Livre choc sur les médicaments : pourquoi faire de l'argent sur la santé publique ?
Le "Nouvel Observateur" publie cette semaine un guide des médicaments utiles, inutiles ou dangereux, dans le cadre de la sortie du livre choc de Philippe Even et Bernard Debré. Très mobilisé sur les questions de santé, notre contributeur Philippe Costes a voulu réagir sur la pertinence de l'ouvrage.
Site de production de médicaments du laboratoire Servier, Gidy-la-Forêt
"Plus d’un médicament sur deux serait inutile voire même inefficace, 20% de mal toléré, 5% potentiellement dangereux" et, fait incroyable, "75 % sont remboursés par la sécurité sociale." C’est ce que révèle le livre choc écrit à deux mains par nos deux éminents spécialistes (c’est ainsi que la profession les présente).
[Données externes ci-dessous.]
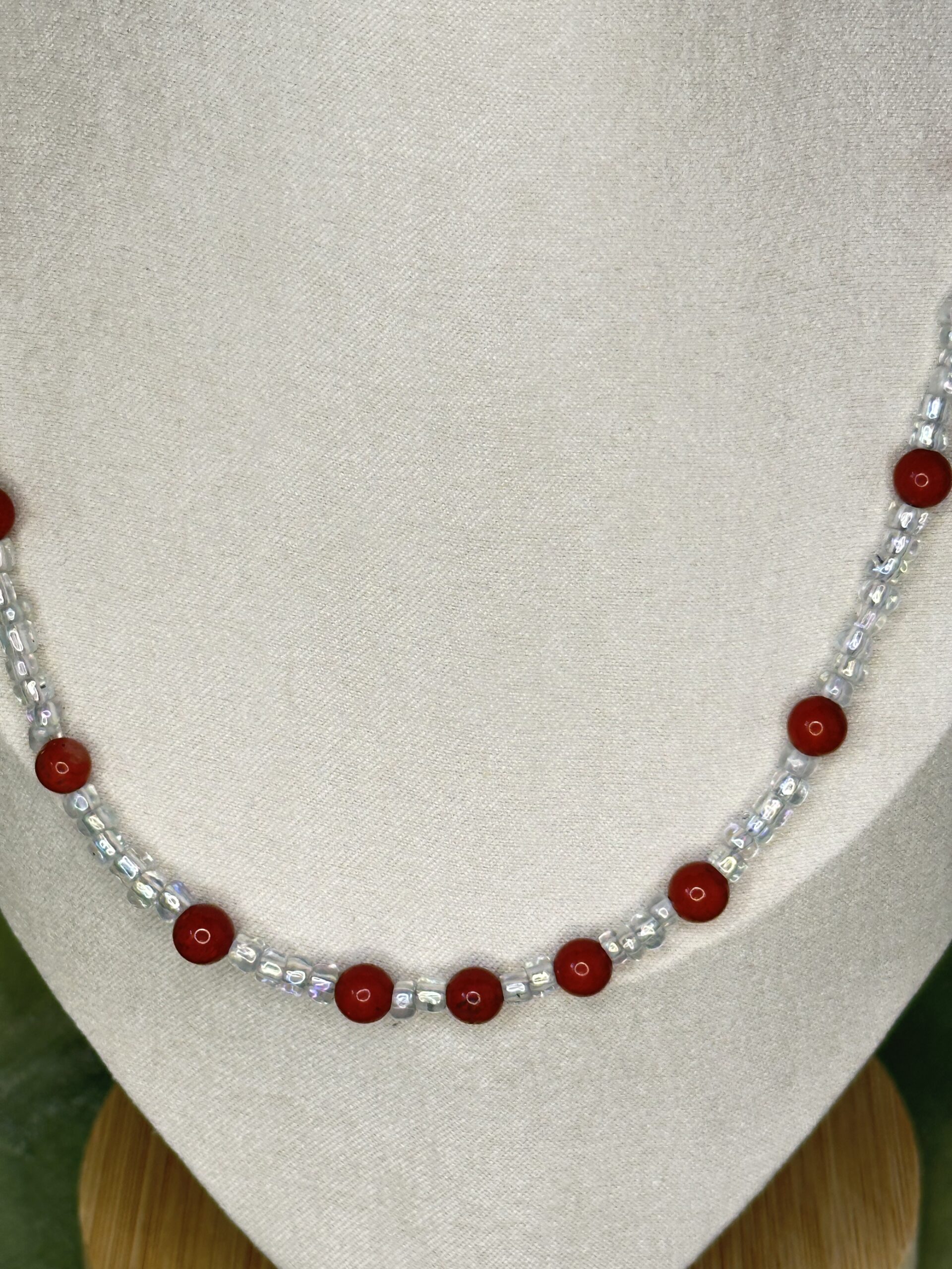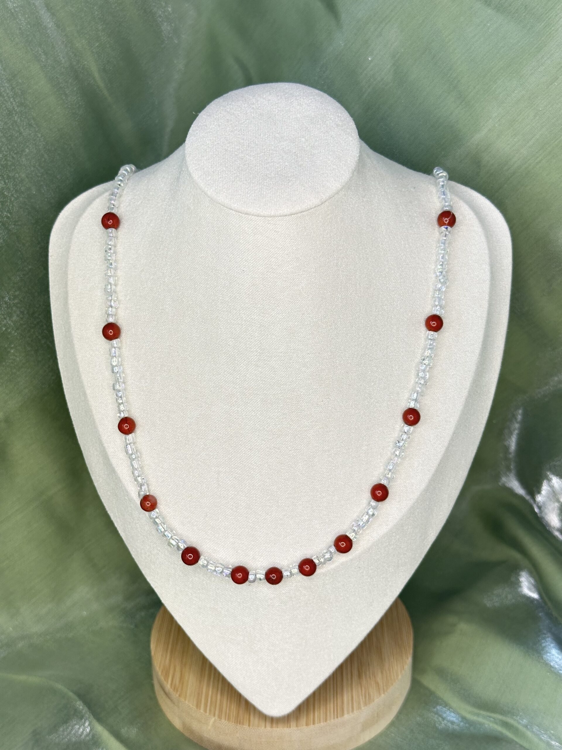 Whether you’re attending a formal office meeting, spending time with loved ones, or engaging in daily errands, this necklace transitions effortlessly across events and settings. The clear glass beads lend it a subtle brilliance while the red sandstone adds warmth and character, creating a versatile accessory that is as practical as it is beautiful. Designed to enhance your natural grace, this necklace speaks volumes without overpowering your look.

La gabegie médicamenteuse de la France
La France est au second rang européen des pays gros consommateurs de médicaments et nul doute que bon nombre de nos concitoyens vont se ruer dans les librairies pour prendre connaissance de ce que depuis plusieurs mois voire années beaucoup soupçonnaient, notamment depuis l’affaire du Médiator. Pour exemple, le Danemark a un catalogue de médicaments bien plus restreint que celui de la France, qui en compte 4.000 ! Et en y regardant de près, nos amis Danois ne sont pas forcément en mauvaise santé, semble t-il !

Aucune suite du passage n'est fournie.